Broadway Review: “The Lifespan of a Fact” Reexamines the Parameters of Truth at Studio 54

Broadway Review: “The Lifespan of a Fact” at Studio 54 (Currently On)
Written by Jeremy Kareken & David Murrell and Gordon Farrell
Directed by Leigh Silverman
Reviewed by David Roberts
Theatre Reviews Limited

Emily Penrose (a guarded and steely Cherry Jones), Editor-in Chief of a high-end publication, hopes to score big on the publication of a “lyrical essay” written by longtime associate John D’Agata (a languid and tenderly resilient Bobby Cannavale). She has shut down the presses and pulled the story about “Congressional Spouses” to publish the essay about the suicide of a young man in Las Vegas. And she is hoping this essay will boost magazine sales and continue to secure her position as a successful editor. Because she is aware that John often ignores the importance of facts, she hires the new intern Jim Fingal (a self-absorbed and cautious Daniel Radcliffe) to fact-check the essay before publication. He agrees he can fulfill the assignment over an extended weekend.

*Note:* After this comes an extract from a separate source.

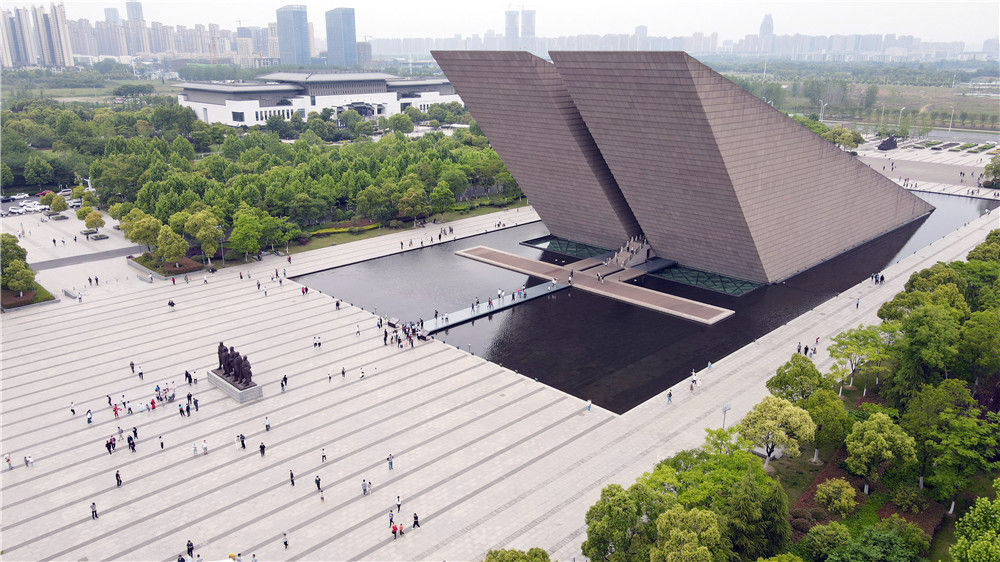 游客在渡江战役纪念馆参观游览(2021年5月3日摄,无人机照片)。新华社记者 周牧 摄

What ensues is a triumvirate of well-positioned “leaders” each having the ability to upend the other two members’ goals. Although the intriguing script focus primarily on Jim’s dogged fact-finding and John’s stubborn insistence that art trumps facts, there are significant themes centering on motivation, power, dominance, entitlement, and rhetorical argument. “The Lifespan of a Fact,” currently running at Studio 54, raises more enduring question than it answers – which is expected with three raconteurs vying for dominion.

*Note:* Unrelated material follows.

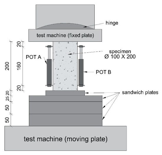 Before testing, all specimens were capped with gypsum to ensure the levelness of the testing surface. Potentiometers were used to record axial deformations in the majority of specimens. Two potentiometers (POT A and POT B) were attached parallel to the specimen’s longitudinal axis and placed diametrically opposed, as presented in Figure 5. The compression tests were carried out using a 3000 kN capacity testing machine with a constant displacement rate of 15 μm/s. Data were recorded using a fully automated data acquisition system.

John is a storyteller. He tells stories that he believes are relevant and connect to the readers and to the moment in history in which they live and try to navigate through with some modicum of success. He believes his essay about Levi Presley’s death is important as are the other events that transpired on the same day in Las Vegas. “On that day in Las Vegas when Levi Presley died, five others died from two types of cancer, four from heart attacks, three because of strokes. It was a day of two suicides by gunshot as well as a suicide from hanging.” That is John’s story and he is sticking to it.

Jim is a fact checker. Emily assigns him to check the facts in John’s essay to avoid law suits and maintain the credibility of her magazine. Jim cannot seem to get beyond the first few paragraphs. He creates one-hundred-and-thirty pages of spreadsheet and “notes” that call into question John’s credibility. Emily encourages Jim to understand that “we live in stories. Events organized to make ourselves known to each other and to history. Organized in a way that gives our lives meaning.” Jim believes the word “story comes from the Greek historia – an accurate retelling” and continues to question whether John has reported the correct numbers of deaths on the day Levi died.

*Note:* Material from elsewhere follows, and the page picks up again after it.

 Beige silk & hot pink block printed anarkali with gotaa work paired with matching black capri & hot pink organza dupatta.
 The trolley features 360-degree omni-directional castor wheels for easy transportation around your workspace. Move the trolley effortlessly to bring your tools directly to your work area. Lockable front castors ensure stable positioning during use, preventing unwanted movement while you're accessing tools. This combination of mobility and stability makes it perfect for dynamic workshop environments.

In one corner it is the importance of and necessity for facts: in the other is the importance of and necessity for rich and enduring stories that are transformative and redemptive. The battle rages with Emily attempting to referee the fight. Both she and Jim end up in Las Vegas with John and the struggle for a resolution escalates. At one point, Jim determines that Levi Presley did not even exist despite John’s insistence that he shared the essay with Levi’s mother Gail. John said, “this is my best” and she said, “this is my son.” The obvious connection to the current debate concerning the place of truth in politics plays well in “The Lifespan of a Fact.” The playwrights develop their argument carefully and with the requisite logos, ethos, and pathos.

Under Leigh Silverman’s exquisite direction, the cast delivers a profoundly moving ensemble performance that insists the audience make the ultimate choice whether Emily will publish the essay. Fact and fiction have significant roles to play in humankind’s story telling. It has become strikingly evident in the last two years, however, that fiction has no place in the development of global policy-making and domestic governance. The jury is still out on whether “Levi climbed the fence and sat on the ledge for 48 seconds, then jumped.” John argues that “It is not a crime to try to find the music in a boy’s life.” Jim counters “people’s lives aren’t chord progressions you can rearrange at will.”